Retail Cash Processing
Once upon a time in 1979 (before there were labor laws and I was only 10) I worked in a cash room for Kmart in Stow, Ohio. I was tucked away behind the scenes counting money. That lasted about a year. Answered an ad to be a secretary for a distributor of Brandt coin and currency counters that I used at Kmart. The rest is history.
My job preparing retail cash deposits went something like this.
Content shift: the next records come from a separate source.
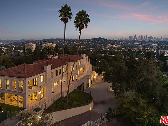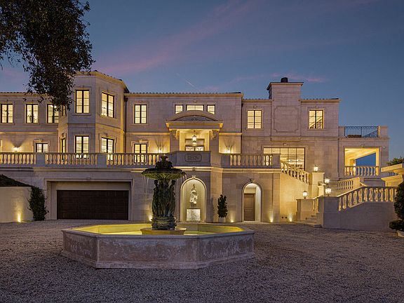 The most incredible deal for a major estate of this caliber. One of the most extraordinary properties available in decades! Renowned architect William Hefner AIA of Studio William Hefner has created a world class Estate with the finest imported materials and design. Gated with a 650-foot driveway leading to a prime 2+/- acre promontory with vast unobstructed city to ocean views. Multi structure private compound includes a newly built Limestone Mediterranean Mansion with over 20,000 square feet on 3 levels. Grand 2 story entry with sweeping staircase and honed marble floors. Gorgeous library and living room w/ imported stone fireplace open to expansive entertainment view terraces. Bar/lounge with gorgeous fireplace and custom wood details for cocktails before dinner in the spectacular formal dining room with hand-painted walls and stone fireplace. The most incredible kitchen family rm with imported fireplace, breakfast rm, center island, a separate prep kitchen along with a covered heated terrace and full outdoor kitchen with every amenity. Ultra luxurious primary suite with sitting room suite all open to incredible view terrace, marble FP, gorgeous his and her baths and large closets. Four additional ensuite bdrms each with unique design elements, large closets a covered terrace 2nd floor laundry and elevator access. Fantastic lower-level features entertaining bar and lounge, beautiful movie theater and game room. Spectacular gym with head on city views, opens to limestone terrace spa and gardens. Steam room, infrared sauna and salon/glam room area. Additional amenities include: Oversized garage with elevator directly servicing all floors. Grand motor court easily accommodates large scale entertaining events. Majestic fountains and sculpture, rose gardens, wrap around lawns, Incredible use of wood details, iron, lighting fixtures, polished stone, tile, imported fireplace mantels and more. 2 separate 1 bedroom guest houses also make great office or creative space. One overlooks the classic pool with fountains and nature paths under mature specimen trees and tranquil nature elements. Don't miss this rare opportunity of extraordinary design and quality. Shown to prequalified buyers only.
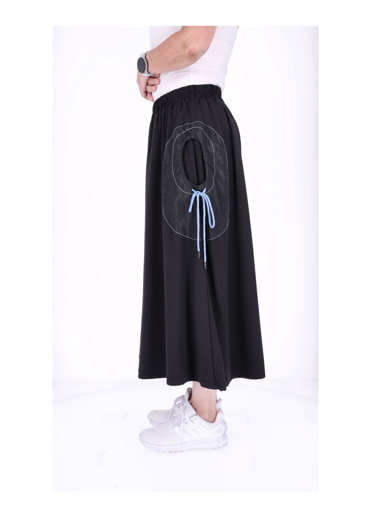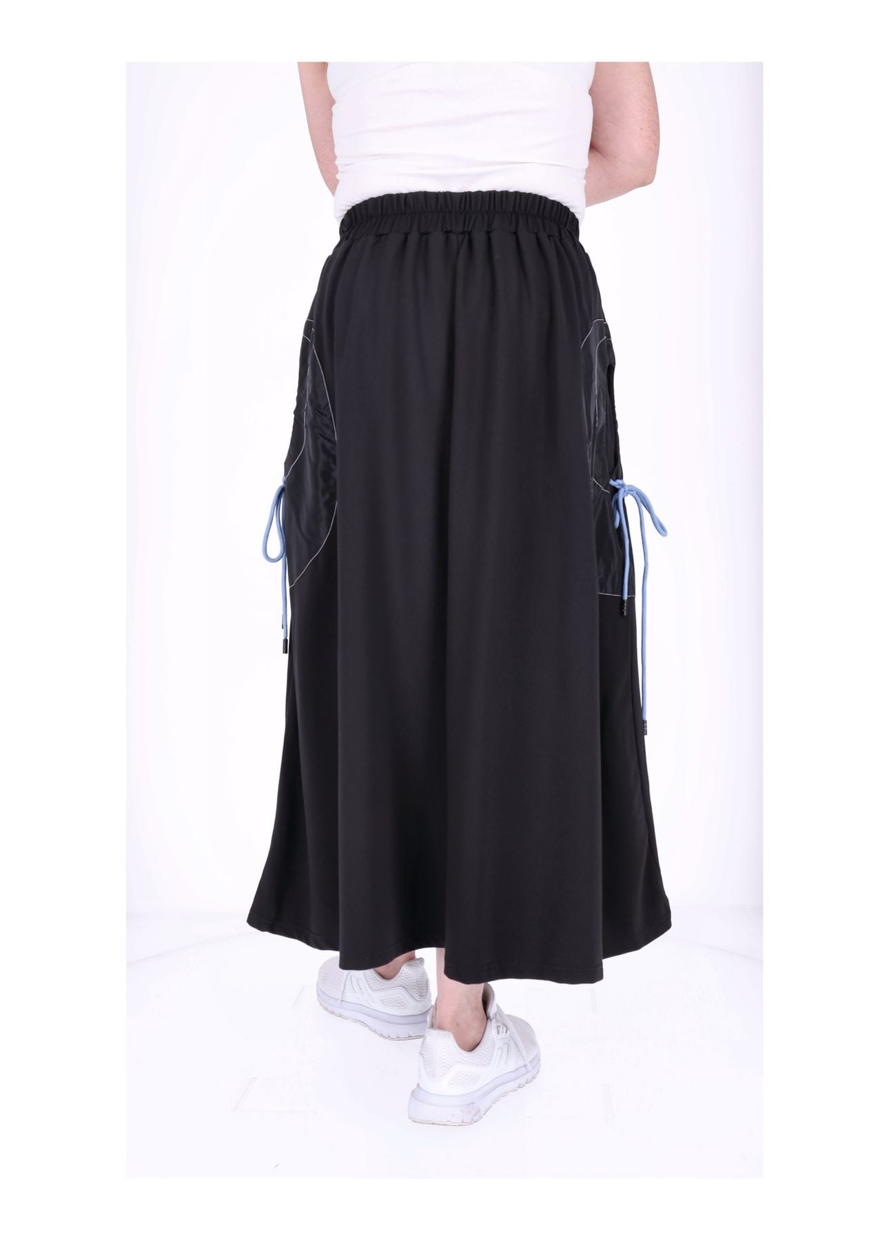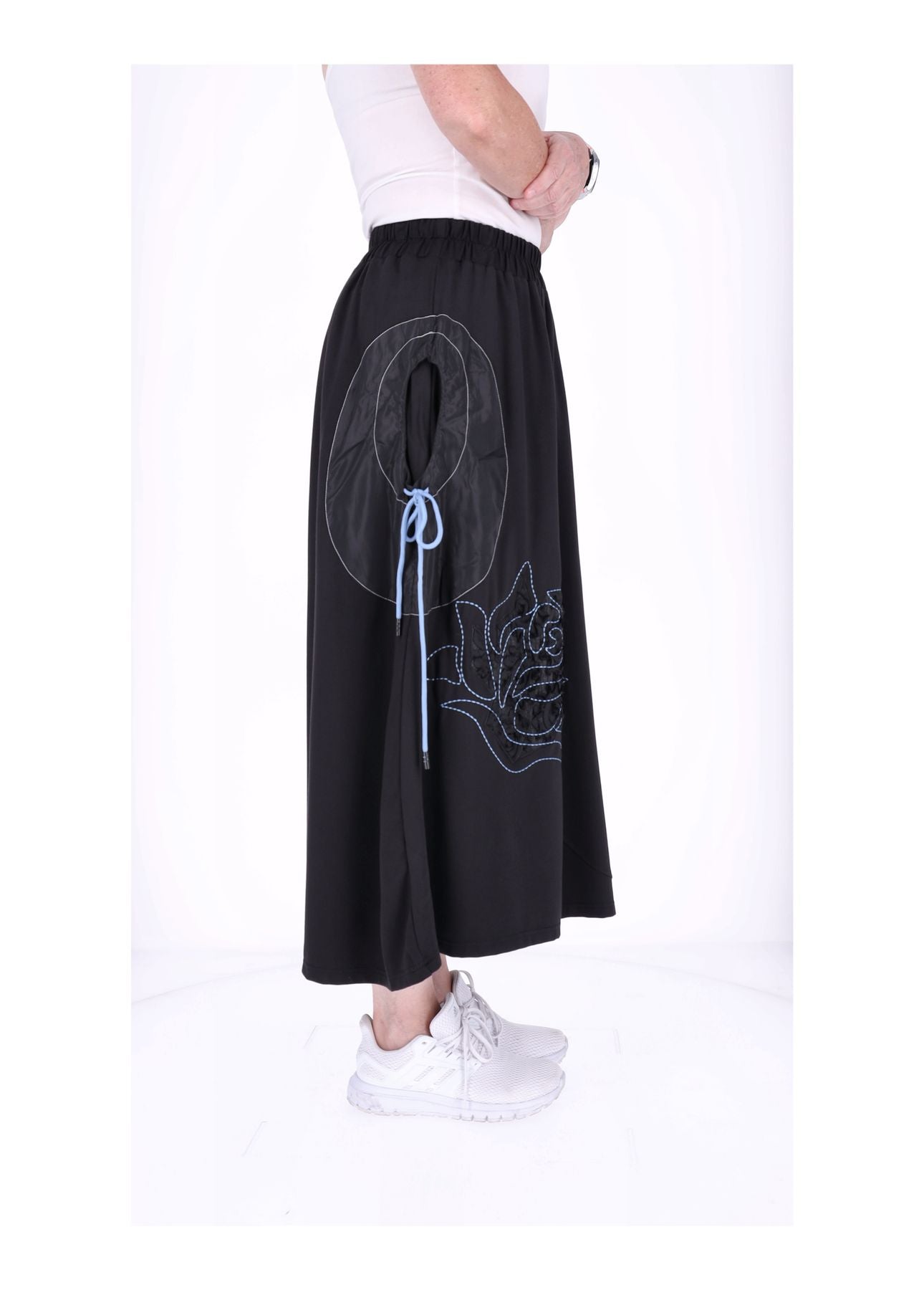 Das besondere Highlight: Eine zarte Blume ist vorne liebevoll gestickt und appliziert, die den Rock zu einem echten Hingucker macht. Die praktischen Taschen links und rechts lassen sich durch ein Zugband raffiniert enger ziehen – so entsteht eine charmante Raffung, die deine Silhouette betont und dem Rock ein individuelles, stylisches Finish verleiht.
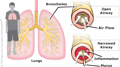 In asthma, the airways are always a little inflamed (irritated and swollen), even when a person has no symptoms. They’re also quick to react to certain things (“triggers”) that make them get even more inflamed, swollen, and filled with mucus, blocking the flow of air. The muscles around the airways tighten, making them even narrower, which makes it very hard to breathe. When this happens, it is called an asthma flare-up or asthma attack.
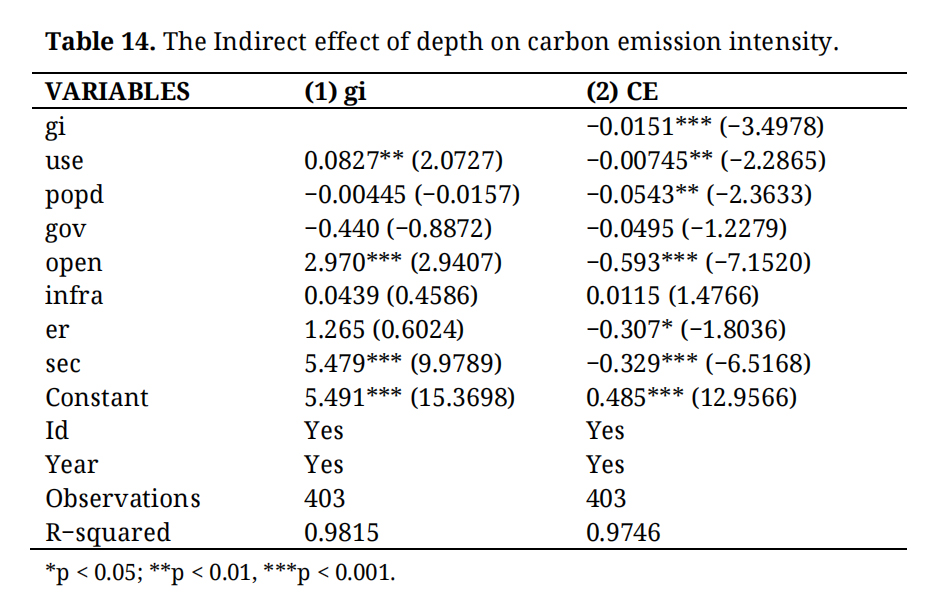 Table 14. The Indirect effect of depth on carbon emission intensity.
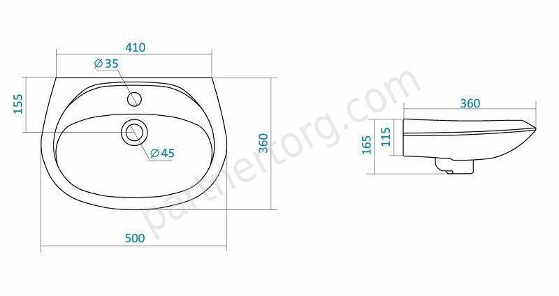 Размер: 50х36х16,5см. Белый. С отверстием для установки смесителя, с переливом, с возможностью установки к стене на пьедестал.
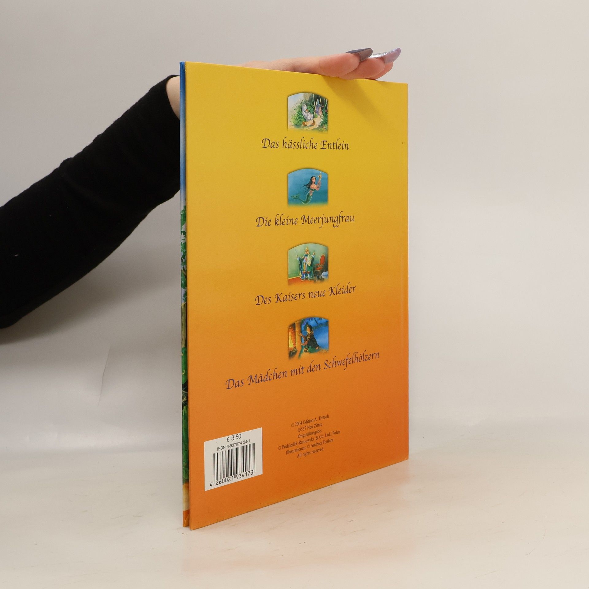 Ein Sammelband mit vier bekannten Märchen von Hans Christian Andersen, jedes Märchen auf 8 Seiten, durchgehend farbig illustriert.

Day 1: Verify the daily cashier receipts by using a variety of Brandt equipment being ever so careful as the currency counter only counted pieces of paper. I will concede that the counter was a lot faster than counting by hand but imagine the responsibility of writing down the right denomination of currency in the right place on the right piece of paper. Oh, the struggle of recounting the money and strapping each denomination properly; someone knocking on the door of the cash room – making me lose my count – hand me some twenties to exchange for ones and fives. Balance the dumb safe, write everything in the balance sheets to match sales records to receipts. Write a change order for the bank to deliver change for the cashiers; because, with rare exceptions, no one wants to dig for change. Call the bank with the change order. Send results to the accounting office to balance the cash register.
Day 2: Walk discreetly through the store to deliver a canvas bag to a guy with a big armored truck outside. Go quietly back to the cash room and start counting the cashier receipts all over again.
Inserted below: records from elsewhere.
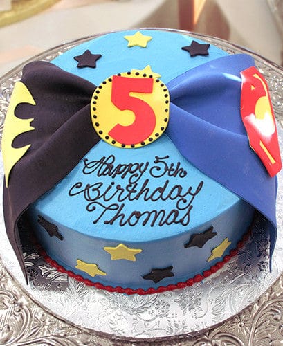 Light blue buttercream with black rolled chocolate batman cape and blue superman cape draped over sides. Yellow rolled chocolate monogram with number on top. Yellow and black rolled chocolate stars scattered on side and top.
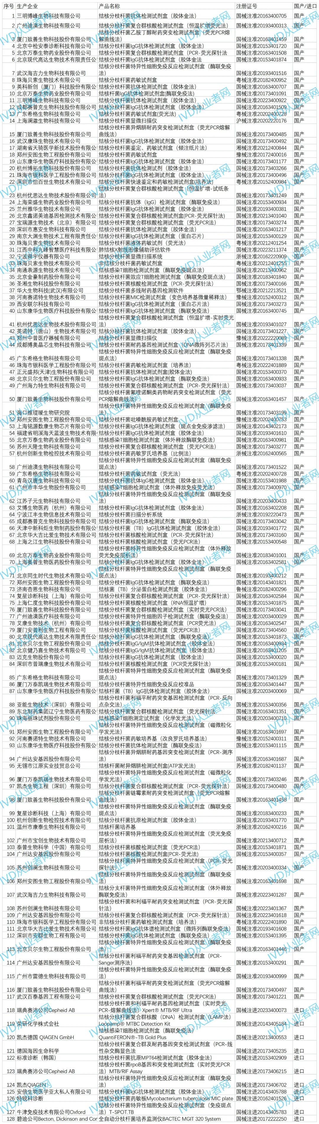 以上数据进人工统计,如有错误及纰漏,请联系修改 参考资料:结核东方论坛、国家药监局 |
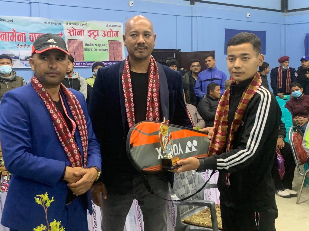 योनेक्सको माभिस–३५० नाइलन सटलकक प्रयोग गरिएको प्रतियोगितामा दाङका हिमांशु कुँवर प्रतियोगिताको उदियमान खेलाडी घोषित भए ।
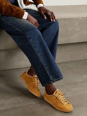 Drawing on retro athletic codes with her signature sophistication, Wales Bonner reimagines the classic sneaker through a refined, textural lens. This low-profile design is crafted in Italy from a harmonious blend of plush suede and glossy, beige lizard-effect calf leather—offset by light-brown leather accents that add depth and warmth.
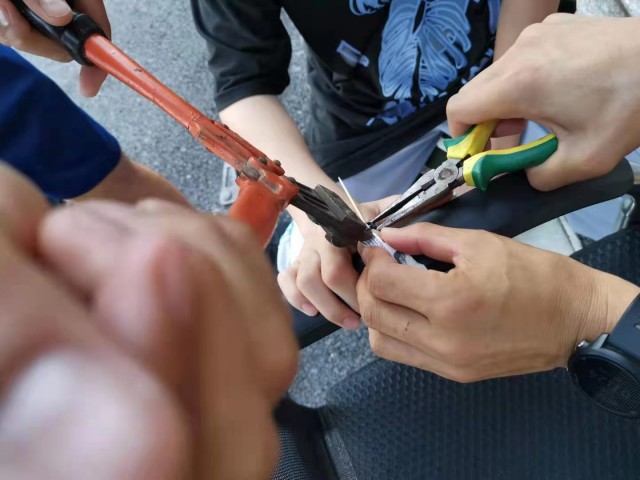 因男孩的手指已经肿胀,消防员只得拿来钳子等工具对戒指进行剪切。为防止对男子造成二次伤害,消防员将一块硬纸壳垫片和牙签插进了戒指和男子手指之间,然后利用钳子、指甲刀等工具进行剪切。几分钟后,戒指被剪断,男子的手指重获“自由”。(石艳升)
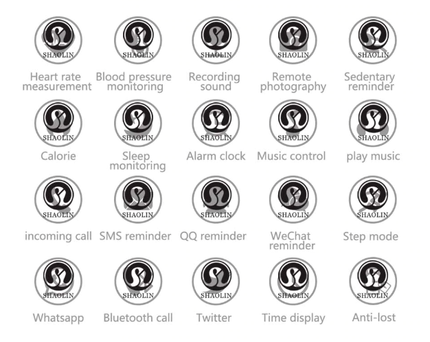 3. Bluetooth music; Heart rate monitor; measuring blood pressure; Sleep monitor; Sedentary reminder; Pedometer; Sound Recorder; Alarm and Stop Watch; Time Synchronization.
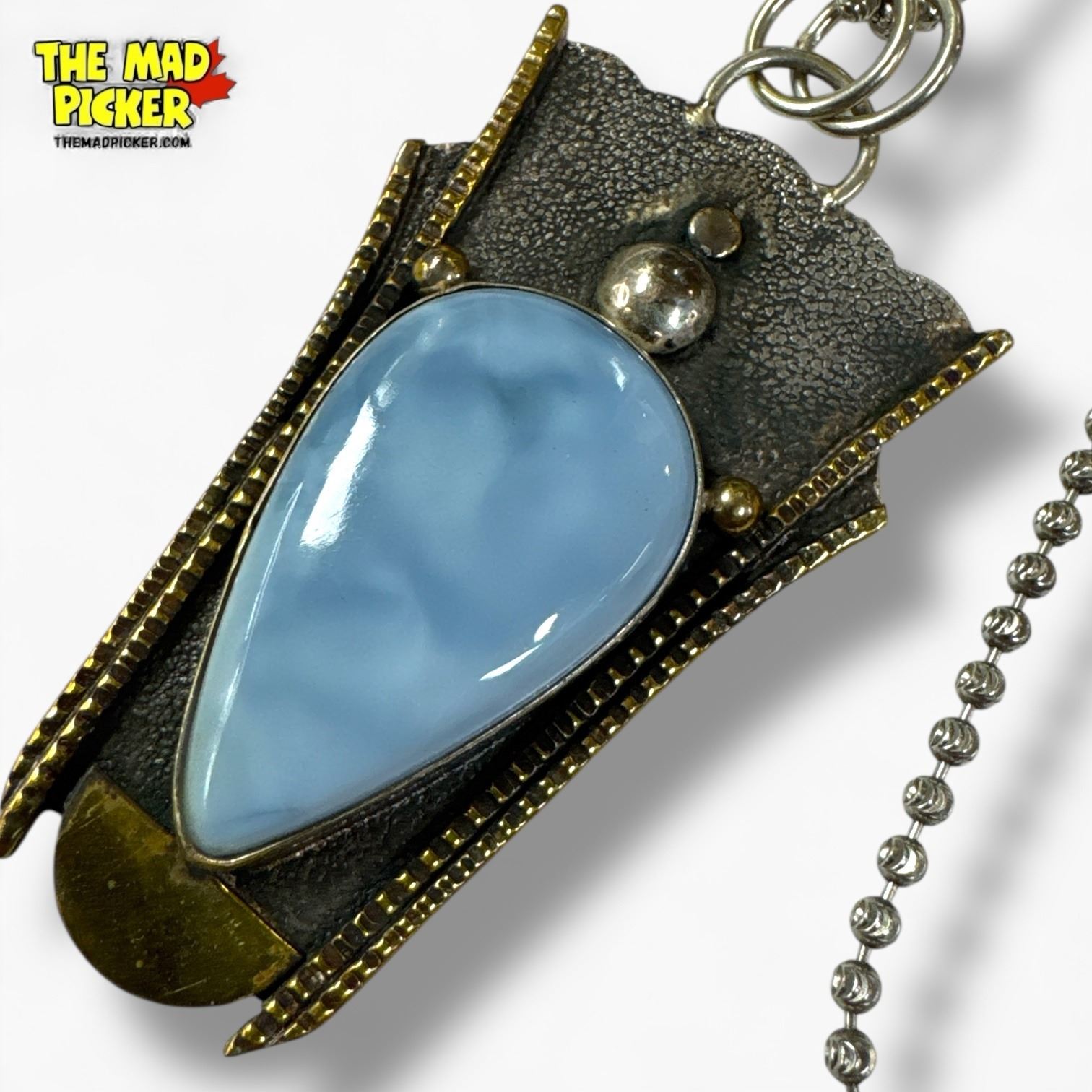 New Sterling Silver Blue Lace Agate Necklace with Golden Accents- (34 x 61 mm pendant on 28" chain) - Total weight: 24.5 grams

Day 3 or 4: The bank verifies the deposit and overnight credits the account. The guy in the big truck returns with the receipts from the bank. Darn it! The deposit from two days ago is $5 off. Go through the receipts and make sure it was not my mistake. Show the store manager the receipts to make sure that she knows it was not my mistake.
Day 5: The bank issues a reversal of $5.00.
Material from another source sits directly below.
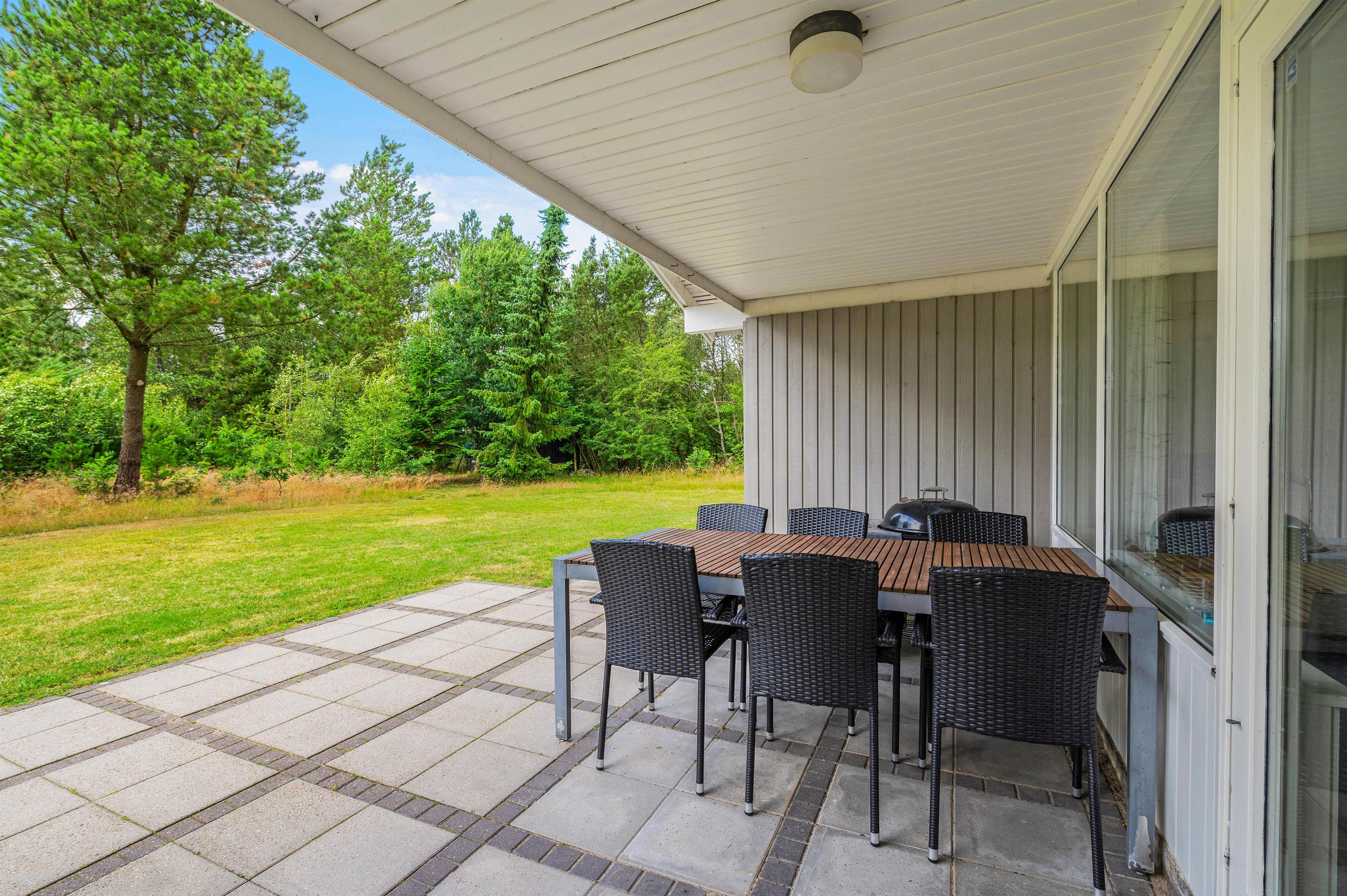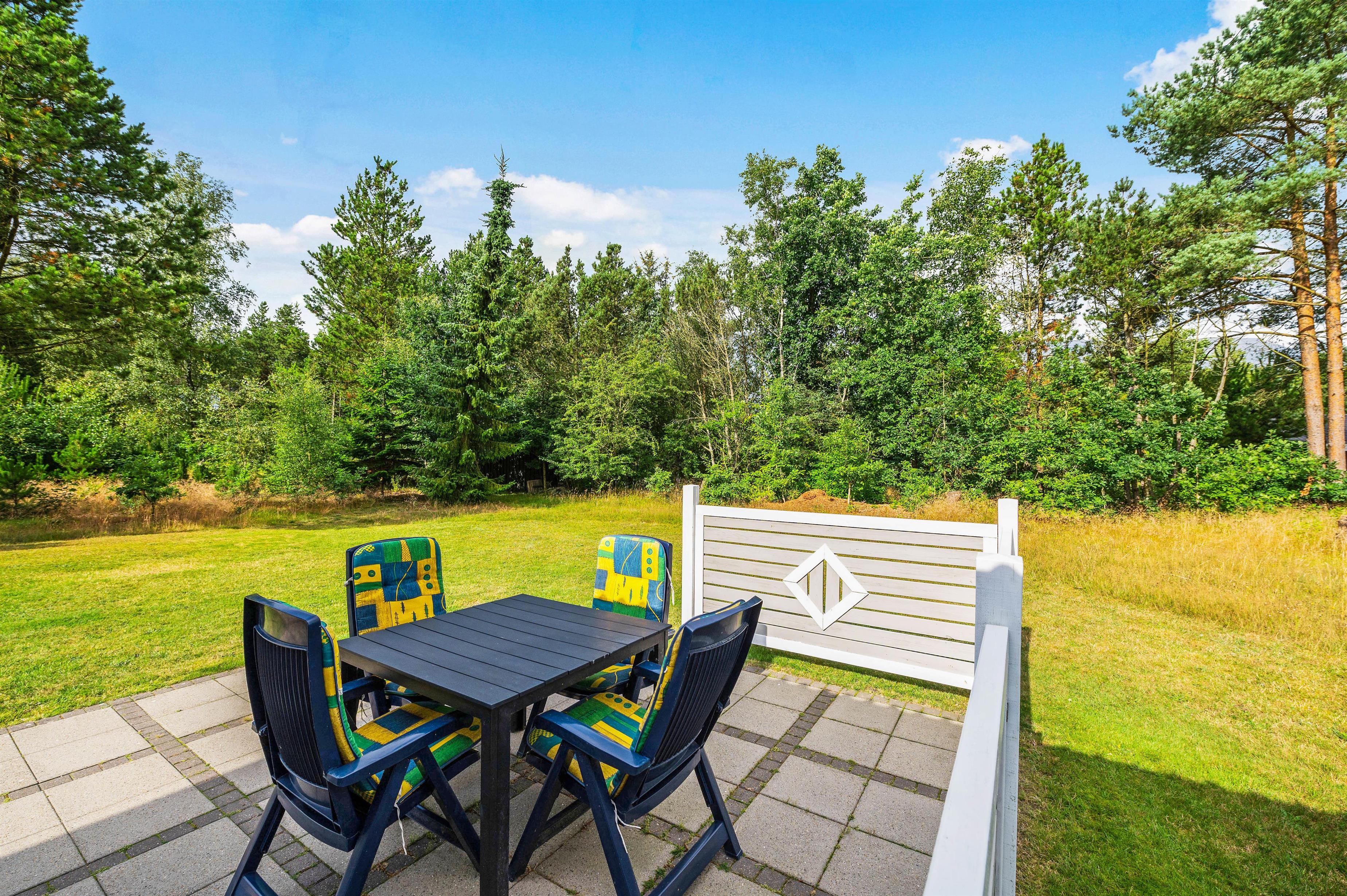 Rundt om sommerhuset er der flere terrasser med muligheder for læ, som inviterer til afslappende stunder i solen eller under de skyggefulde områder. På den imponerende 2100 kvadratmeter store grund er der rigeligt med plads til sjov og leg for både store og små. På de varme dage er det en fremragende idé at hive solsengene ud på terrassen og nyde solens stråler, mens I indsnuser den friske duft af den omkringliggende skov.

NO ONE NEEDS TO IMAGINE THE NUMBER OF TIMES THE FUNDS WERE COUNTED AND RECOUNTED, THE NUMBER OF PEOPLE INVOLVED IN THE PROCESS, AND THE LACK OF VISIBILITY IN THE SUPPLY CHAIN TO FOLLOW CHAIN-OF-CUSTODY.
Sound familiar to anyone?
Fast forward to 2020 and Morphis.
Day 1: Cashiers walk up to smart safe, feed their individual cashier drawer funds into this device that magically counts and bags the funds. Morphis Smart Safe Manager records those deposits, displays on dashboard, and provides secure user log-in to view. Morphis sends results to the bank to credit the account and sends the results to POS to reconcile the cashiers. Morphis forecasts when the guy in the big armored truck is supposed to pick up the funds. Days later the already provisionally credited funds are picked up and verified by the CIT on behalf of the bank.